- Born: October 28, 1956 (age 69) Chicago, United States
- Education: University of Chicago
- Awards: Hans A. Bethe Prize 2018
- Scientific career
- Fields: Cosmology, Big Bang nucleosynthesis
- Workplaces: University of Minnesota
- Doctoral advisor: David Schramm

= Keith Olive =

American theoretical physicist (born 1956)

Keith Alison Olive (born 1956) is an American theoretical physicist, and director at the William I Fine Theoretical Physics Institute, University of Minnesota, specializing in particle physics and cosmology. His main topics of research are: big bang nucleosynthesis, which is an explanation of the origin of the light element isotopes through ^{7}Li; particle dark matter; big bang baryogenesis, which is an explanation of the matter-antimatter asymmetry observed in nature; and inflation which is a theory constructed to resolve many outstanding problems in standard cosmology.

==Education and career==
Olive received in 1978 a bachelor's degree in mathematics from the University of Chicago and a master's degree in physics in the same year and in 1981 a PhD in physics. His dissertation dealt with cosmology and particle physics. In 1982/83 he was at CERN (working with John Ellis).
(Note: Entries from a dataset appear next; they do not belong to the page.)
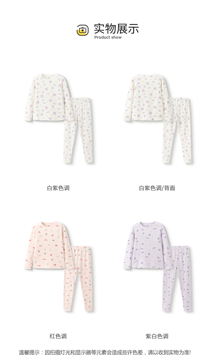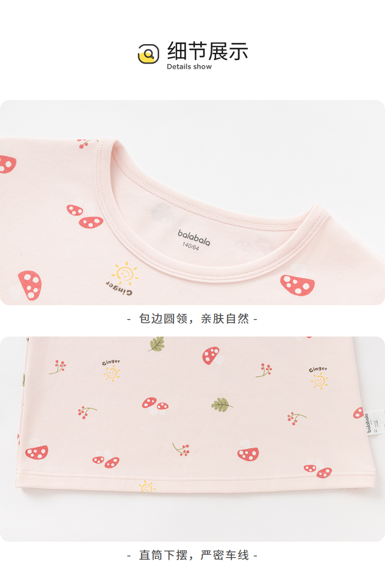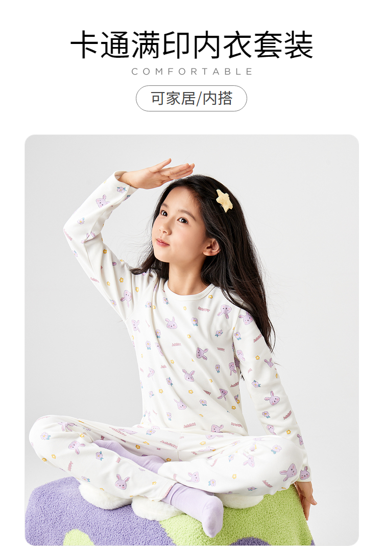 巴拉巴拉儿童秋衣秋裤套装棉女童保暖内衣秋冬加厚中小童打底睡衣
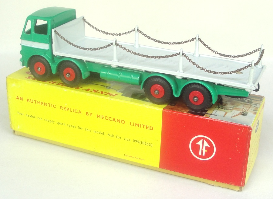 Dinky 935 Leyland Octopus Flat Truck with chains. Scarce green and pale grey version. Very near mint/boxed with card packing piece. Another rare model from an extensive private collection in the U.K.
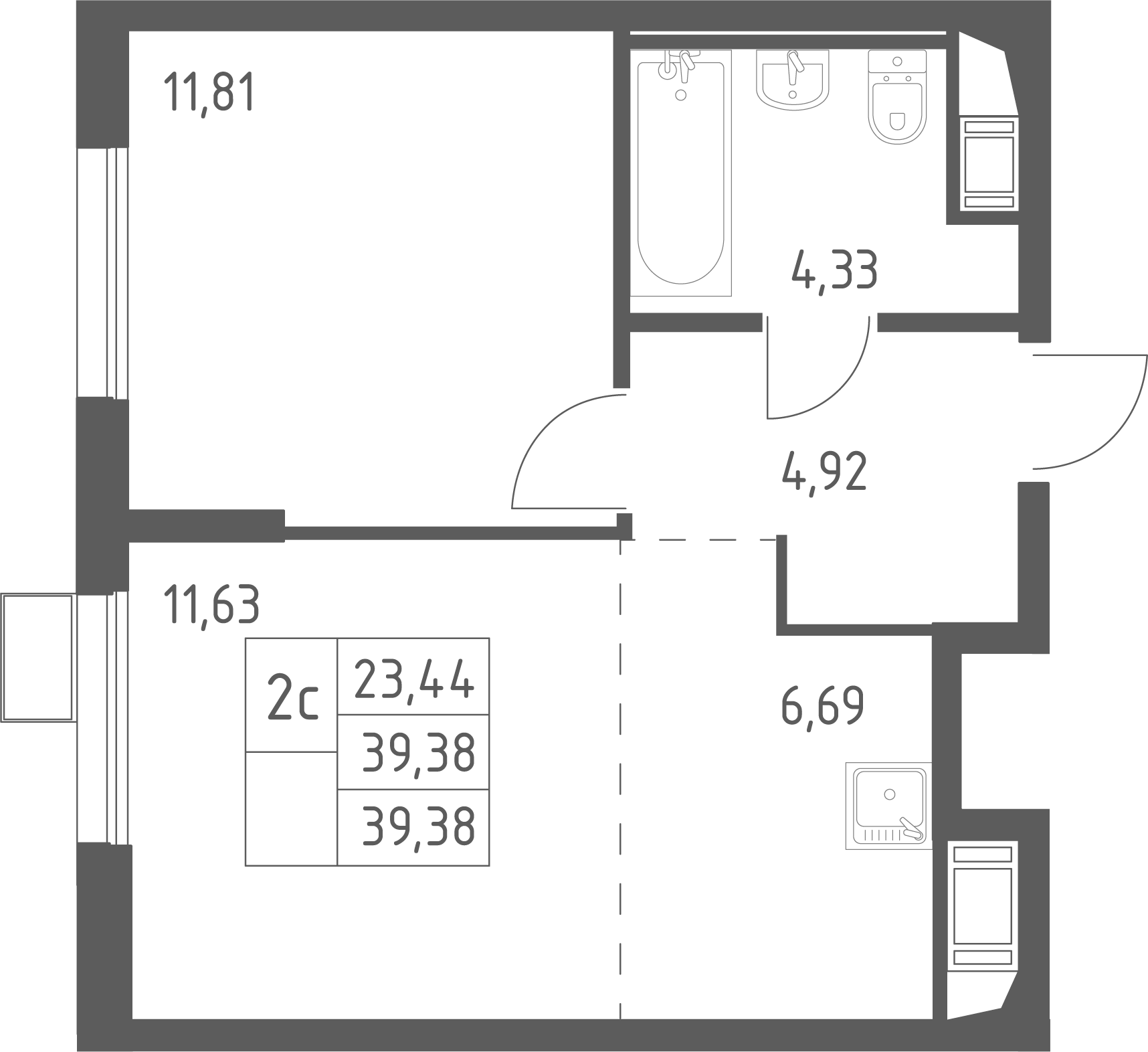 2-комнатная квартира № 147, 39.38 м2 с отделкой 11 эт.

There Olive began his research on supersymmetry.

Olive is a professor at the University of Minnesota, where in 1998 he became McKnight University Professor. At the Fine Theoretical Physics Institute, he was the director from 1999 to 2005 and again from 2013 to 2019.

== Honors and awards ==
Olive was the 2018 Hans A. Bethe Prize Recipient; elected a fellow of the American Physical Society in 2003;
 awarded the National Science Foundation Young Investigator Award for the years 1987–1994; elected University of Minnesota Distinguished McKnight Professor 1998–present; and granted the George W. Taylor Award for distinguished Research in 1988 by the College of Science and Engineering at the University of Minnesota.

== Publications ==
He is one of the editors of a book, Inner Space/Outer Space, The University of Chicago Press (1986) and a number of journal articles. His most cited article, cited 2,357 times according to Google Scholar is "Supersymmetric relics from the big bang".